AIME I problem #3

assume that the number takes the form $\frac{a}{b}$ .

Where a and b are coprime and a+b=1000

$\therefore, a=1000-b$

Rewriting our fraction yields

$\dfrac{1000-b}{b}$

$\dfrac{1000}{b}-\dfrac{b}{b}$

Note that this means that b must be coprime with 1000, aka, not divisible by 2 or 5 since is must be unsimplifyable.)

The largest value of a is 499 and the min for b is 501, since a<b for $\frac{a}{b}<1$

Now, here's the main reason I posted this. I wanted to show a small short cut to the continuation of the problem.

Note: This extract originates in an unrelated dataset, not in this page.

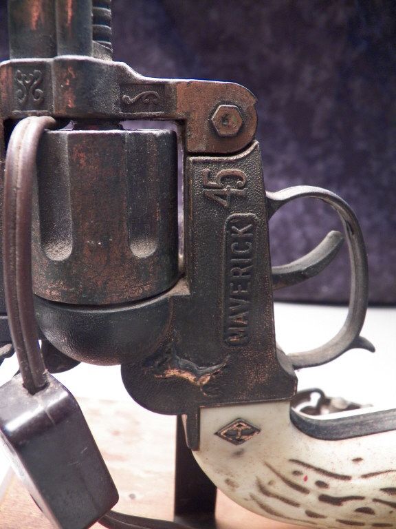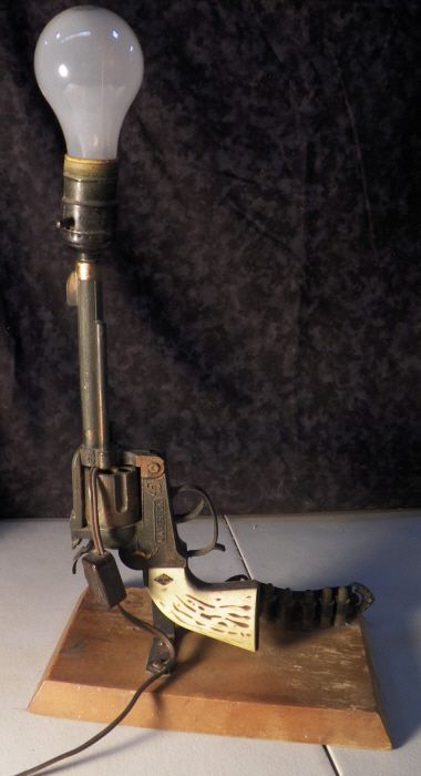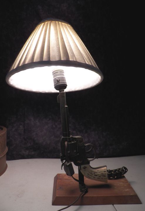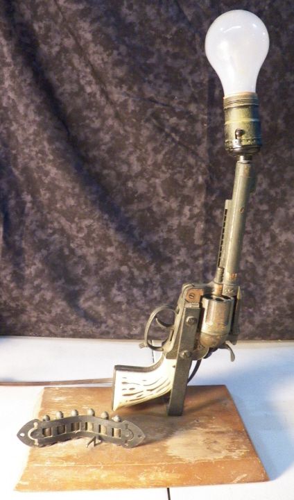 Vintage Hubbly Maverick Cap gun made into a lamp 10" wide x 19" tall including shade

The first 3/4ths of my solution is the same, but the last quarter (this half) is different.

We need to find all numbers co-prime to 1000, but less than 500, using Euler's totient function ( $\phi$ ) on 1000 would give us numbers greater than 500, thus, to find out the answer, we will compute $\phi (500)$ . In the short: The totient function is simply then number times 1-1/each prime factor multiplied out and it finds the number of numbers less then n coprime to n.

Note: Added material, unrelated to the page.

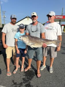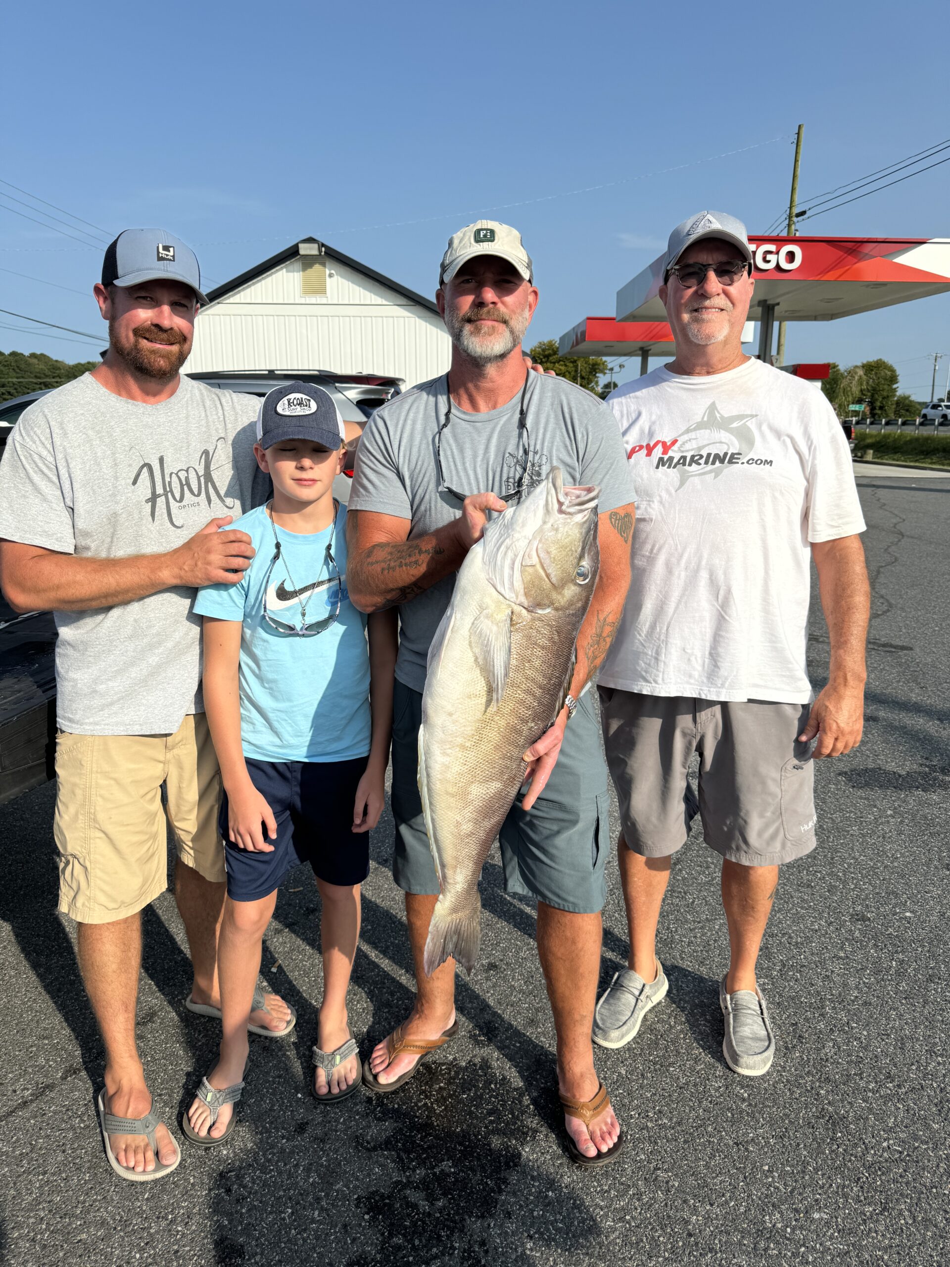 After our fishing trip I got a call from my sister’s boyfriend Shaun who had just returned from a trip aboard Talkin’ Trash with Captain Chris Little telling me he thought they might have a new state record blueline tilefish. I got in contact with my DNR buddy Erik Zlokovitz and the guys from Crabs to Go to set up a weigh-in and we weighed and measured the fish at about 5:30. The huge blueline was 37.25″ long and weighed in at 20.6 pound and broke the old state record of 20 pounds even. Angler London Anthony caught the big tile on Talkin’ Trash using a chunk bait. The state record will be considered “pending” until the paperwork is submitted and approved. Congratulations to London and the crew of Talkin’ Trash.

$\boxed{\phi{500}=500(1-\frac{1}{2})(1-\frac{1}{5})=200}$

We have that the set of these rational numbers is from $\frac{1}{999}$ to $\frac{499}{501}$ where each each element $\frac{n}{m}$ has $n+m =1000$ and $\frac{n}{m}$ is irreducible.

We note that $\frac{n}{m} =\frac{1000-m}{m}=\frac{1000}{m}-1$ . Hence, $\frac{n}{m}$ is irreducible if $\frac{1000}{m}$ is irreducible, and $\frac{1000}{m}$ is irreducible if $m$ is not divisible by $2$ or $5$ . Thus, the answer to the question is the number of integers between $999$ and $501$ inclusive that are not divisible by $2$ or $5$ .

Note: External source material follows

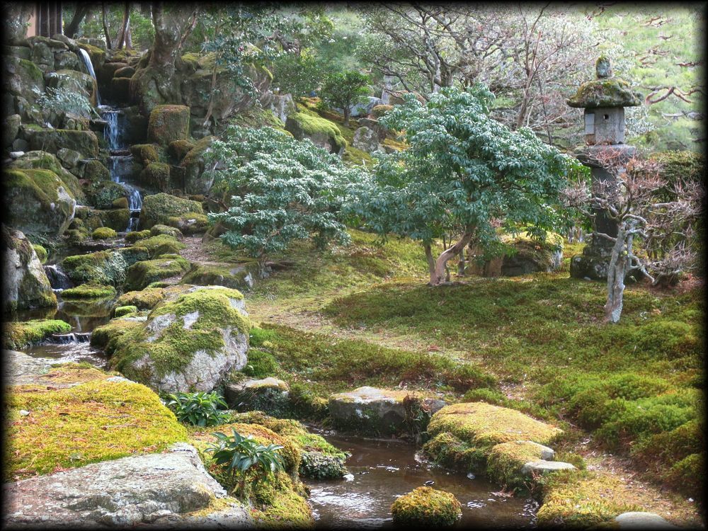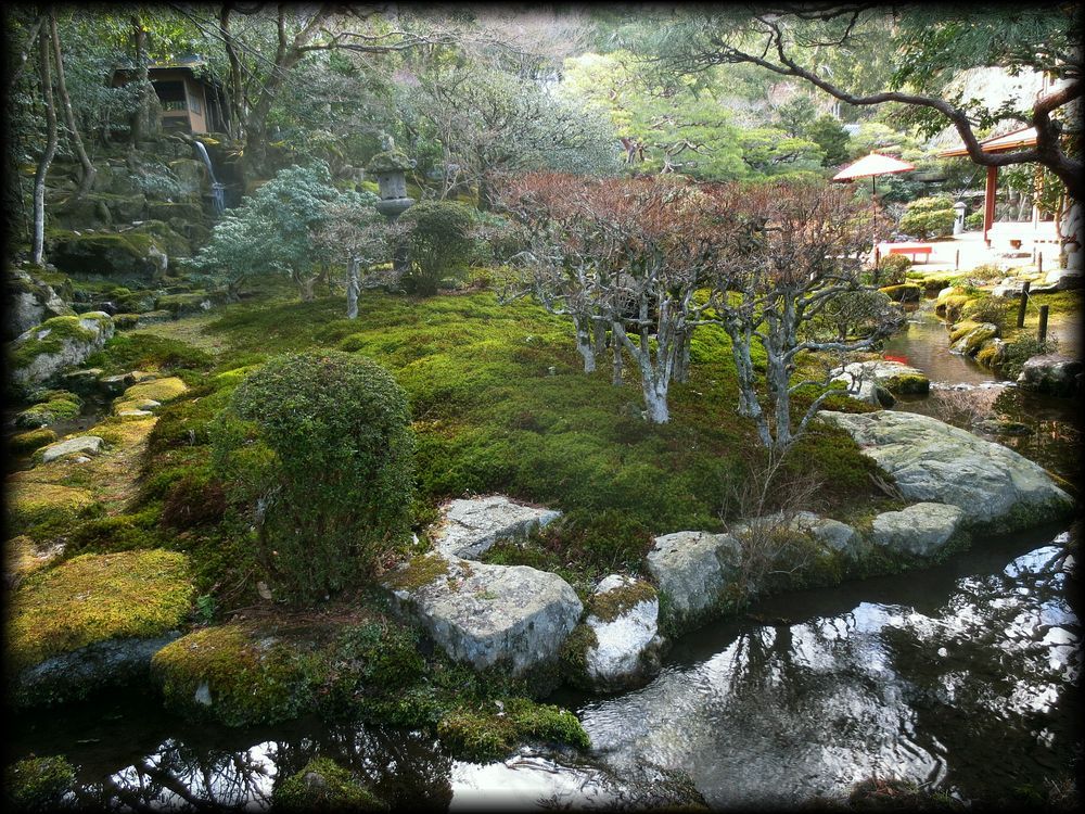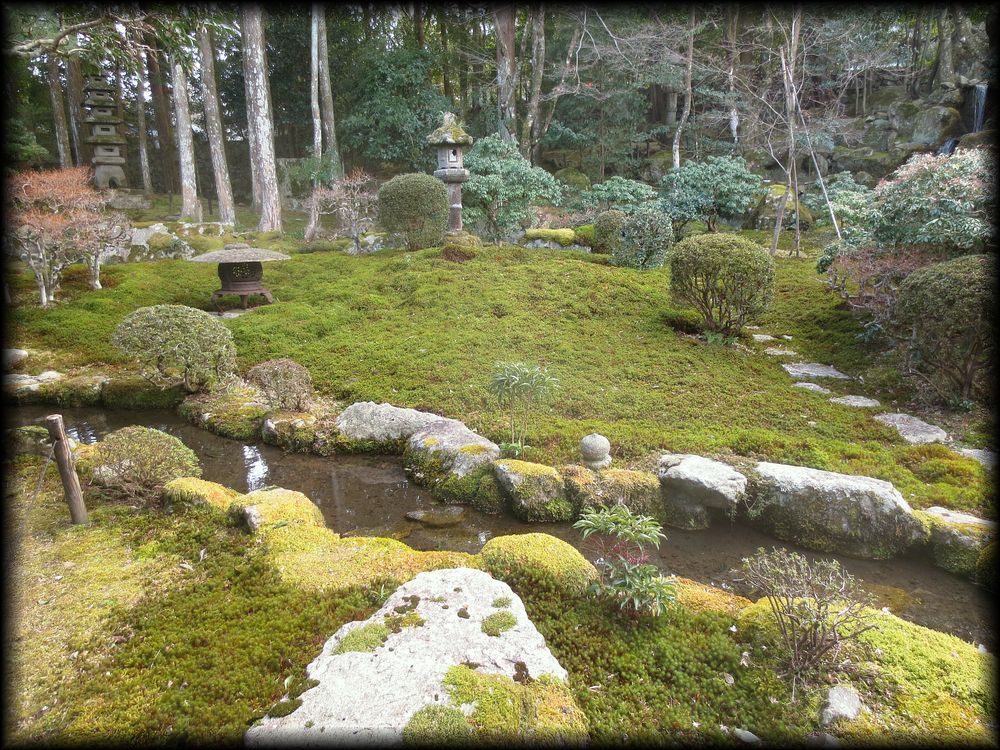 ![]() ![]() もと比叡山・延暦寺の里坊のひとつで、現在は大津市が管理しています。場所は日吉大社や西教寺にも近い、坂本の歴史が色濃く残る一角 ![]() ![]() ![]() 3,300平方メートルの面積を持つ広大な回遊式池泉庭園で、元は延暦寺の里坊でした。詳細は公式ホームページで。 ![]() ![]() 築山からは滝を通じて水が流れ、庭一面に広がる苔。この金属製の灯籠は江戸時代につくられたそうです。 ![]() ![]() ![]() 主屋の二階から眺める庭園。立体的な造りがよくわかります。 ![]() ![]() ![]() ![]() 築山の上には茶室 ![]() 茶室の近くから眺める主屋 ![]() ![]() 主屋の前にはお茶を頂ける緋毛氈(ひもうせん)の野点(のだて)席が置かれています。 |

We note there are $499$ numbers between $501$ and $999$ , and

• $249$ of them are divisible by $2$
• $99$ of them are divisible by $5$
• $49$ of them are divisible by $10$

Using the Principle of Inclusion and Exclusion, we get that there are $499-249-99+49=200$ numbers between $501$ and $999$ are not divisible by either $2$ or $5$ , so our answer is $\boxed{200}$ .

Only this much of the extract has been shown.